### Problem requirements
Type out the data exactly as given. Skip any image.

### Data segment
Segment Open

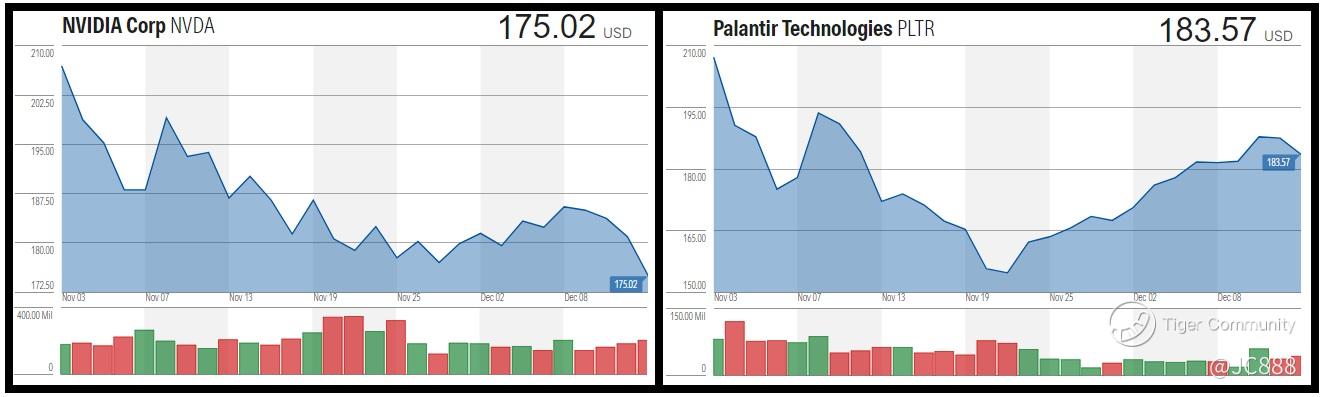 Since his short bets started making its round in the news media (from 03 Nov 2025), both NVDA and PLTR have fallen by -15.40% & -11.40%, respectively, to date. (see below)
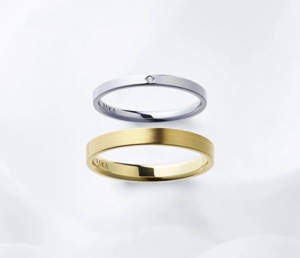 シンプルなストレートタイプの結婚指輪は重ね着けもしやすく他のリングとも相性が良いのでさまざまな重ね着けも楽しんでいただけたらと思います。
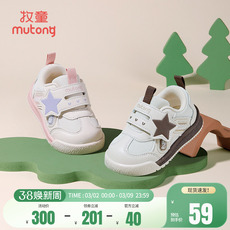 牧童儿童运动鞋女童春秋轻便减震童鞋皮面男童皮面软底时尚休闲鞋

Segment Closed

### Exercise answer
 Since his short bets started making its round in the news media (from 03 Nov 2025), both NVDA and PLTR have fallen by -15.40% & -11.40%, respectively, to date. (see below)
 シンプルなストレートタイプの結婚指輪は重ね着けもしやすく他のリングとも相性が良いのでさまざまな重ね着けも楽しんでいただけたらと思います。
 牧童儿童运动鞋女童春秋轻便减震童鞋皮面男童皮面软底时尚休闲鞋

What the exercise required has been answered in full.